Vous trouverez ici une bonne histoire pour enfants (en anglais) racontée selon le point de vue de la marmotte.
La marmotte, aussi appelée « siffleux », est le plus grand des rongeurs, et elle hiberne véritablement en hiver. La marmotte accumule une épaisse couche de graisse à l’automne puis s’installe sous la ligne de gel (jusqu’à 5 mètres sous la surface) dans son terrier, où elle plonge dans un sommeil profond. Son rythme cardiaque passera de 80 battements la minute à 4 ou 5 battements la minute; sa respiration, à un cycle la minute; et sa température chutera pour atteindre aussi peu que 30C. Elle aura conservé une partie de sa réserve de graisse pour le printemps, puisqu’elle devra encore attendre quelques semaines, à la sortie de son terrier (en Ontario, ce sera sans doute en mars) avant l’arrivée des premières verdures.
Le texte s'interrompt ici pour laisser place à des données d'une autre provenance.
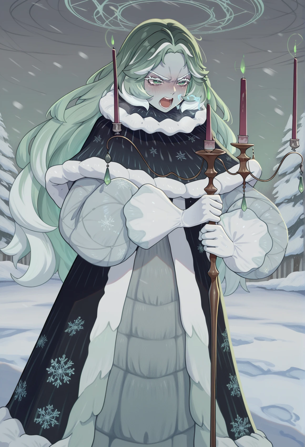 Notable tags: colored skin, grey skin, colored eyebrows, white eyebrows, colored eyelashes, white eyelashes, black eyelashes, multicolored hair, green hair, white hair, green eyes, whinter clothes, dress, coat, puffy sleeves, gloves, capelet, fur trim, snowflake print

Lorsqu’un mammifère hiberne, sa température corporelle chute pour correspondre à peu près à la température environnante (normalement un peu au-dessus du point de congélation); son rythme cardiaque, son cycle respiratoire et son taux métabolique ralentissent à leur tour de manière significative. Elle utilise de 60 à 98 pour cent moins d’énergie que d’habitude. La durée des périodes d’hibernation profondes peut varie entre quelques jours à plusieurs semaines, au cours desquels le mammifère pourra se réveiller pendant quelques jours; il peut mettre plusieurs jours à se réveiller. Vers l’arrivée du printemps, les périodes d’éveil s’allongent jusqu’à la fin de l’hibernation.
Parmi les autres mammifères qui hibernent en Ontario, citons la souris sauteuse des champs, la souris sauteuse des bois, le spermophile de Franklin et les chauves-souris suivantes : la petite chauve-souris brune, la grande chauve-souris brune, le vespertilion nordique, la chauve-souris pygmée et la pipistrelle de l’Est. Les chauves-souris se regroupent dans des abris d’hiver, souvent des cavernes, et les légères hausses de température causées par des visites, même consciencieuses, font en sorte que les chauves-souris peuvent se réveiller plus souvent, menant à des situations de famine et entrainant leur mort. En hiver, il faut éviter les cavernes qui servent de gite d'hibernation aux chauves-souris!